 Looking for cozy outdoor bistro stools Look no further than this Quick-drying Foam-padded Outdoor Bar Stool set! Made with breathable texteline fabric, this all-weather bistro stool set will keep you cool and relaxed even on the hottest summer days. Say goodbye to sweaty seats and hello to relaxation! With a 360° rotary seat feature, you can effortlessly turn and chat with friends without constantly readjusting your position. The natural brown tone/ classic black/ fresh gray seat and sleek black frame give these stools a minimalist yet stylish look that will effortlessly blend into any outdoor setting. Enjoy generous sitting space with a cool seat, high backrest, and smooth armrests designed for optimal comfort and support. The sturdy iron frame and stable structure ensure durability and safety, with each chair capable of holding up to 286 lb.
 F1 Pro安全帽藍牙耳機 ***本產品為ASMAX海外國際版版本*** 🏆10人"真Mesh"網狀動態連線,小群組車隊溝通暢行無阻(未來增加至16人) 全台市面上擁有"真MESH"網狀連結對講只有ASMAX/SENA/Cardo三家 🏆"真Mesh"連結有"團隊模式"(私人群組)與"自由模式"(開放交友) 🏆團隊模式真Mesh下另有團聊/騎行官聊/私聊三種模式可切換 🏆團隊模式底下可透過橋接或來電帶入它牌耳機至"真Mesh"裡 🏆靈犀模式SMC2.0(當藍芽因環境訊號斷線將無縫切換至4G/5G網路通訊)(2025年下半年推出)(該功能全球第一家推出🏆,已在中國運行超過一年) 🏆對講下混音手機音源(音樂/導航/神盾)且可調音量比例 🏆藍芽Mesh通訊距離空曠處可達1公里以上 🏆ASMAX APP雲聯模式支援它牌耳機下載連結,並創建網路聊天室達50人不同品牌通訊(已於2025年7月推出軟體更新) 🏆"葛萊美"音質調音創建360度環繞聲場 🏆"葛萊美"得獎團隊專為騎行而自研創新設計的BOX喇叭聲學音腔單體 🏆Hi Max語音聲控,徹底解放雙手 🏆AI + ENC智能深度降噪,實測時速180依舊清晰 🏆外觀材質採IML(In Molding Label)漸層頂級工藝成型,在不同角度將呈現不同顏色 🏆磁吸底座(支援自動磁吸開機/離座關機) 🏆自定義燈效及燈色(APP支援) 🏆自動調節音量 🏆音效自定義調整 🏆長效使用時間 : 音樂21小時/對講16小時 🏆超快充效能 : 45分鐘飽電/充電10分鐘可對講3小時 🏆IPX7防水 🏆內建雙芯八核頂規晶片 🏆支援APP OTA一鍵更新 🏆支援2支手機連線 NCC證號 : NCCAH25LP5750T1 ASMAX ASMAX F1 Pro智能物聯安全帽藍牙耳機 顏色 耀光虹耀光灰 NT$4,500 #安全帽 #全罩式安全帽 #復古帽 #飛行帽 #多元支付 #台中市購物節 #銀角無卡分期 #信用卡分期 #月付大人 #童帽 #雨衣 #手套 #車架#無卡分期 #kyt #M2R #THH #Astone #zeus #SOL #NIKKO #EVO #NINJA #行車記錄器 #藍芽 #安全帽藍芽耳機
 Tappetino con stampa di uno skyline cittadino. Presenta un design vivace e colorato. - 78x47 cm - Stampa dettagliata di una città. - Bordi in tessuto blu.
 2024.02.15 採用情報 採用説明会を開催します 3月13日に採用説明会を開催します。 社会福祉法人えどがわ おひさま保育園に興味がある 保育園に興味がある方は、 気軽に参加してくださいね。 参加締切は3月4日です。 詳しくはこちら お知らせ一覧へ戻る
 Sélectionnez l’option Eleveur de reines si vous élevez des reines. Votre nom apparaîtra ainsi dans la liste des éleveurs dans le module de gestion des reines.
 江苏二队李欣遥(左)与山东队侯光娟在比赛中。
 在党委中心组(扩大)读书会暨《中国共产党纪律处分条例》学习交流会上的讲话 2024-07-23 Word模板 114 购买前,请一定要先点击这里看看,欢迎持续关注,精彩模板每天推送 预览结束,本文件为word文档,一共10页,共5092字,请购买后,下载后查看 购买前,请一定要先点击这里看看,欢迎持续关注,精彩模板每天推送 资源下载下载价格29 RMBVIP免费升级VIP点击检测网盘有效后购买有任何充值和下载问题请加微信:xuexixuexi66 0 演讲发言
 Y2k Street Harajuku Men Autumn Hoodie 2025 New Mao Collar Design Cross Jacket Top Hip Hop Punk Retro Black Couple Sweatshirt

########################################

→ ACTIVITY
Would you reproduce the material above in full, exactly as given?

→ YOUR SOLUTION
 Looking for cozy outdoor bistro stools Look no further than this Quick-drying Foam-padded Outdoor Bar Stool set! Made with breathable texteline fabric, this all-weather bistro stool set will keep you cool and relaxed even on the hottest summer days. Say goodbye to sweaty seats and hello to relaxation! With a 360° rotary seat feature, you can effortlessly turn and chat with friends without constantly readjusting your position. The natural brown tone/ classic black/ fresh gray seat and sleek black frame give these stools a minimalist yet stylish look that will effortlessly blend into any outdoor setting. Enjoy generous sitting space with a cool seat, high backrest, and smooth armrests designed for optimal comfort and support. The sturdy iron frame and stable structure ensure durability and safety, with each chair capable of holding up to 286 lb.
 F1 Pro安全帽藍牙耳機 ***本產品為ASMAX海外國際版版本*** 🏆10人"真Mesh"網狀動態連線,小群組車隊溝通暢行無阻(未來增加至16人) 全台市面上擁有"真MESH"網狀連結對講只有ASMAX/SENA/Cardo三家 🏆"真Mesh"連結有"團隊模式"(私人群組)與"自由模式"(開放交友) 🏆團隊模式真Mesh下另有團聊/騎行官聊/私聊三種模式可切換 🏆團隊模式底下可透過橋接或來電帶入它牌耳機至"真Mesh"裡 🏆靈犀模式SMC2.0(當藍芽因環境訊號斷線將無縫切換至4G/5G網路通訊)(2025年下半年推出)(該功能全球第一家推出🏆,已在中國運行超過一年) 🏆對講下混音手機音源(音樂/導航/神盾)且可調音量比例 🏆藍芽Mesh通訊距離空曠處可達1公里以上 🏆ASMAX APP雲聯模式支援它牌耳機下載連結,並創建網路聊天室達50人不同品牌通訊(已於2025年7月推出軟體更新) 🏆"葛萊美"音質調音創建360度環繞聲場 🏆"葛萊美"得獎團隊專為騎行而自研創新設計的BOX喇叭聲學音腔單體 🏆Hi Max語音聲控,徹底解放雙手 🏆AI + ENC智能深度降噪,實測時速180依舊清晰 🏆外觀材質採IML(In Molding Label)漸層頂級工藝成型,在不同角度將呈現不同顏色 🏆磁吸底座(支援自動磁吸開機/離座關機) 🏆自定義燈效及燈色(APP支援) 🏆自動調節音量 🏆音效自定義調整 🏆長效使用時間 : 音樂21小時/對講16小時 🏆超快充效能 : 45分鐘飽電/充電10分鐘可對講3小時 🏆IPX7防水 🏆內建雙芯八核頂規晶片 🏆支援APP OTA一鍵更新 🏆支援2支手機連線 NCC證號 : NCCAH25LP5750T1 ASMAX ASMAX F1 Pro智能物聯安全帽藍牙耳機 顏色 耀光虹耀光灰 NT$4,500 #安全帽 #全罩式安全帽 #復古帽 #飛行帽 #多元支付 #台中市購物節 #銀角無卡分期 #信用卡分期 #月付大人 #童帽 #雨衣 #手套 #車架#無卡分期 #kyt #M2R #THH #Astone #zeus #SOL #NIKKO #EVO #NINJA #行車記錄器 #藍芽 #安全帽藍芽耳機
 Tappetino con stampa di uno skyline cittadino. Presenta un design vivace e colorato. - 78x47 cm - Stampa dettagliata di una città. - Bordi in tessuto blu.
 2024.02.15 採用情報 採用説明会を開催します 3月13日に採用説明会を開催します。 社会福祉法人えどがわ おひさま保育園に興味がある 保育園に興味がある方は、 気軽に参加してくださいね。 参加締切は3月4日です。 詳しくはこちら お知らせ一覧へ戻る
 Sélectionnez l’option Eleveur de reines si vous élevez des reines. Votre nom apparaîtra ainsi dans la liste des éleveurs dans le module de gestion des reines.
 江苏二队李欣遥(左)与山东队侯光娟在比赛中。
 在党委中心组(扩大)读书会暨《中国共产党纪律处分条例》学习交流会上的讲话 2024-07-23 Word模板 114 购买前,请一定要先点击这里看看,欢迎持续关注,精彩模板每天推送 预览结束,本文件为word文档,一共10页,共5092字,请购买后,下载后查看 购买前,请一定要先点击这里看看,欢迎持续关注,精彩模板每天推送 资源下载下载价格29 RMBVIP免费升级VIP点击检测网盘有效后购买有任何充值和下载问题请加微信:xuexixuexi66 0 演讲发言
 Y2k Street Harajuku Men Autumn Hoodie 2025 New Mao Collar Design Cross Jacket Top Hip Hop Punk Retro Black Couple Sweatshirt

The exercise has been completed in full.